I looked over all that I wrote down yesterday and I find that my descriptions are not sufficiently clear. That is, everything would undoubtedly be clear to one of us, but who knows to whom my Integral will someday bring these records? Perhaps you, like our ancestors, have read the great book of civilization only up to the page of nine hundred years ago. Perhaps you don"t know even such elementary things as the Hour Tables, Personal Hours, Maternal Norm, Green Wall, Well-Doer. It seems droll to me, and at the same time it is very difficult to explain these things. It is as though, let us say, a writer of the twentieth century should start to explain in his novel such words as coat, apartment, wife. Yet if his novel had been translated for primitive races, how could he have avoided explaining what a coat meant? I am sure that the primitive man would look at a coat and think, "What is this for? It is only a burden, an unnecessary burden." I am sure that you will feel the same, if I tell you that not one of us has ever stepped beyond the Green Wall since the Two Hundred Years" War.

But, dear readers, you must think, at least a little. It helps.

It is clear that the history of mankind, as far as our knowledge goes, is a history of the transition from nomadic forms to more sedentary ones. Does it not follow that the most sedentary form of life (ours) is at the same time the most perfect one? There was a time when people rushed from one end of the earth to another, but this was the prehistoric time when such things as nations, wars, commerce, different discoveries of different Americas still existed. Who has need of these things now?

I admit that humanity acquired this habit of a sedentary form of life not without difficulty and not all at once. When the Two Hundred Years" War had destroyed all the roads, which later were overgrown with grass, it was probably very difficult at first. It must have seemed uncomfortable to live in cities which were cut off from each other by green debris. But what of it? Man soon after he lost his tail probably did not learn at once how to chase away flies without its help. I am almost sure that at first he was even lonesome without his tail; but now, can you imagine yourself with a tail? Or can you imagine yourself walking in the street naked, without clothes? (It is possible you go without clothes still.) Here we have the same case. I cannot imagine a city which is not surrounded by a Green Wall; I cannot imagine a life which is not surrounded by the figures of our Tables.

Tables...Now even, purple figures look at me austerely yet kindly from the golden background of the wall. Involuntarily I am reminded of the thing which was called by the ancients "Sainted Image," and I feel a desire to compose verses, or prayers, which are the same.
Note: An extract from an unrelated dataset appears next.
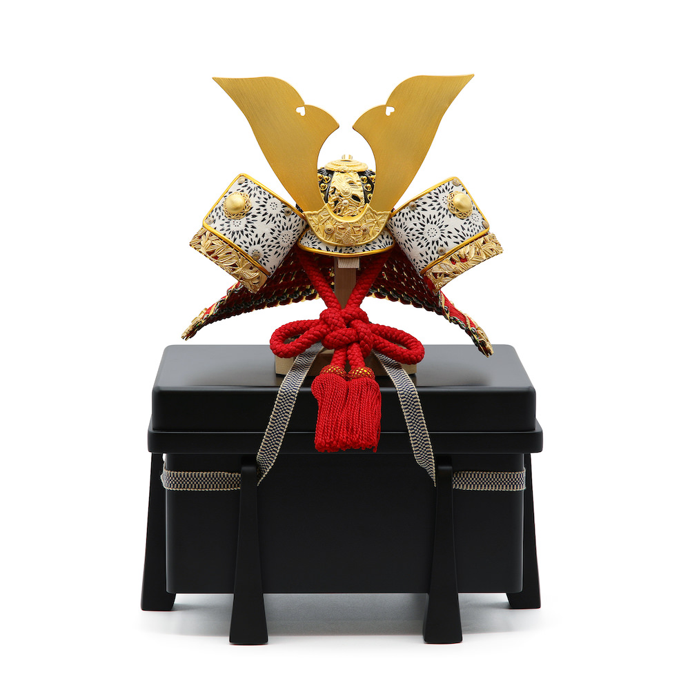 迫力ある大きな鍬形に赤の威糸の兜。竹と雀が描かれた豪華な装飾金具が特徴的な竹雀の兜です。奈良県の春日大社に現存する国宝の竹雀を参考にアレンジしたこだわりの品です。シンプルな黒塗りの櫃は、敢えて艶を少なめにしたマットな質感がお洒落な品です。兜はお櫃の中に収納することが可能となるため、洗練されたスタイリッシュさと機能性を兼ね備えています。

Oh, why am I not a poet, so as to be able to glorify the Tables properly, the heart and pulse of the United State!

All of us and perhaps all of you read in childhood, while in school, that greatest of all monuments of ancient literature, the Official Railroad Guide. But if you compare this with the Tables, you will see side by side graphite and diamonds. Both are the same, carbon. But how eternal, transparent, how shining the diamond! Who does not lose his breath when he runs through the pages of the Guide? The Tables transformed each one of us, actually, into a six—wheeled steel hero of a great poem. Every morning, with six—wheeled precision, at the same hour, at the same minute, we wake up, millions of us at once. At the very same hour, millions like one, we begin our work, and millions like one, we finish it. United into a single body with a million hands, at the very same sec— ond, designated by the Tables, we carry the spoons to our mouths; at the same second we all go out to walk, go to the auditorium, to the halls for the Taylor exercises, and then to bed.